Quand je parle de danse-thérapie, certaines personnes me disent tout de suite : « Mais je ne sais pas danser. » C’est une inquiétude très compréhensible. Pourtant, ici, il n’est pas question de technique, de chorégraphie ou de performance. Il n’y a rien à réussir.

La danse-thérapie est un accompagnement psychocorporel qui utilise le mouvement comme moyen d’expression. Un geste minuscule, une respiration, le besoin de s’étirer ou simplement de rester immobile peuvent déjà raconter quelque chose. L’essentiel est d’écouter ce qui se passe, à son rythme et dans un cadre sécurisant.

Retrouver le lien avec son corps

Nous vivons souvent beaucoup dans notre tête. Nous réfléchissons, anticipons, organisons. Pendant ce temps, le corps peut se tendre et s’épuiser sans que nous y prêtions vraiment attention.

Le mouvement aide à revenir aux sensations : sentir ses appuis, son souffle, son poids, l’espace autour de soi. Peu à peu, on apprend à repérer plus finement ses besoins et ses limites. Cette présence au corps peut apporter un sentiment d’ancrage et de sécurité intérieure.

Nathanaëlle assise, les yeux fermés, les mains posées sur le ventre
Prendre le temps de sentir, avant même de bouger. © Patricia Bassen

Donner une place aux émotions

Certaines émotions sont difficiles à nommer. Elles se manifestent parfois par une gorge serrée, des épaules lourdes, une agitation ou une grande fatigue. En danse-thérapie, le corps peut exprimer ce que les mots n’arrivent pas encore à dire.
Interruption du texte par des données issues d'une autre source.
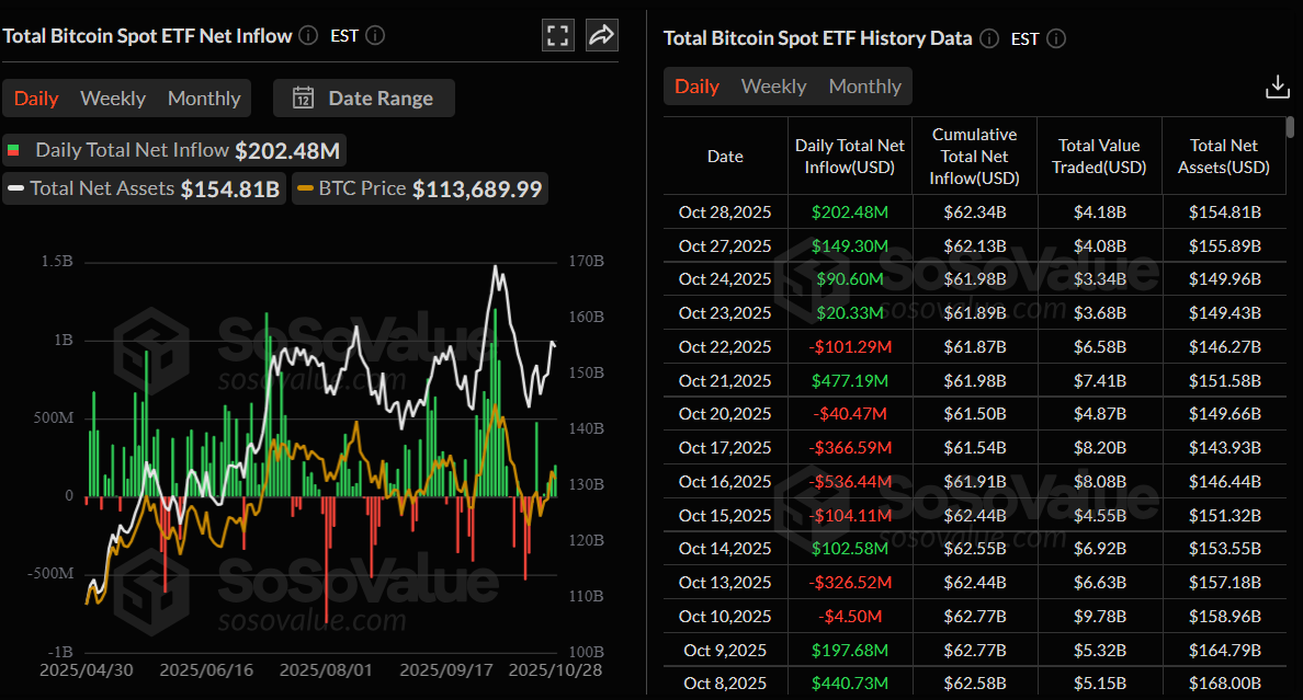 Bitcoin (BTC) vẫn ổn định quanh mức 113.000 đô la tại thời điểm viết bài vào thứ Tư, do các nhà giao dịch thận trọng trước các yếu tố vĩ mô và doanh nghiệp quan trọng. Cục Dự trữ Liên bang Hoa Kỳ (Fed) dự kiến sẽ công bố quyết định lãi suất, và các gã khổng lồ công nghệ Microsoft, Alphabet, Meta, Apple và Amazon chuẩn bị công bố báo cáo thu nhập, điều này có thể mang lại biến động mới cho cả thị trường truyền thống và tiền điện tử. Trong khi đó, các Quỹ Giao dịch Trao đổi (ETF) Bitcoin giao ngay niêm yết tại Hoa Kỳ tiếp tục cho thấy nhu cầu mạnh mẽ, ghi nhận dòng vốn 202,48 triệu đô la vào thứ Ba, kéo dài chuỗi bốn ngày tăng trưởng.

Il ne s’agit pas de forcer une émotion à sortir. Il s’agit de lui faire une place, avec douceur. Un mouvement peut permettre de traverser une tension, de déposer une colère, d’accueillir une tristesse ou de retrouver de la joie. Après ce temps corporel, les mots viennent parfois plus facilement — mais ce n’est jamais une obligation.

Retrouver confiance et liberté

Oser bouger comme on en a envie, sans se comparer ni être jugé, peut être profondément libérateur. On découvre qu’il existe plusieurs manières d’habiter son corps et de prendre sa place.

Chaque geste choisi devient une petite expérience de liberté. On peut essayer, s’arrêter, recommencer, changer d’avis. Cette possibilité de faire autrement dans le mouvement peut ensuite résonner dans la vie quotidienne : mieux écouter un « non », oser un « oui », prendre une décision ou simplement se faire davantage confiance.

Se relier aux autres sans se perdre

Lorsqu’elle se pratique en groupe, la danse-thérapie permet aussi de vivre la rencontre autrement. Regarder, être regardé avec bienveillance, suivre un rythme commun puis retrouver le sien : ces expériences simples parlent de notre façon d’être en lien.

Le groupe peut soutenir sans imposer. Chacun garde sa liberté et son intimité. Il n’est jamais demandé de se dévoiler plus qu’on ne le souhaite.

Nathanaëlle explore un mouvement d’étirement au sol
Explorer un geste à son rythme, sans recherche de performance. © Patricia Bassen

À qui s’adresse la danse-thérapie ?

Elle peut accompagner des personnes très différentes : celles qui traversent une période de stress ou de changement, qui manquent de confiance, qui se sentent coupées de leur corps ou qui souhaitent simplement mieux se connaître. Aucune expérience de la danse n’est nécessaire.

La proposition est toujours adaptée aux possibilités de chacun. On peut danser debout, assis ou avec très peu de mouvement. La danse-thérapie ne remplace pas un avis ou un traitement médical ; elle peut s’inscrire dans un accompagnement global, en lien avec les besoins de la personne.

Commencer, tout simplement

Une séance commence souvent par un temps pour arriver, respirer et sentir comment on se trouve ce jour-là. Des propositions guidées ouvrent ensuite un espace d’exploration. Il peut y avoir de la musique, du silence, des objets ou des images. Un temps de retour permet enfin de déposer ce qui a été vécu.

Il n’y a pas de bonne manière de faire. Certains jours, le mouvement sera ample. D’autres, presque invisible. Ce qui compte, c’est qu’il soit le vôtre.

J’aime la danse-thérapie parce qu’elle nous rappelle une chose simple : nous ne sommes pas seulement une tête qui pense. Nous sommes aussi un corps vivant, sensible, capable de retrouver son élan.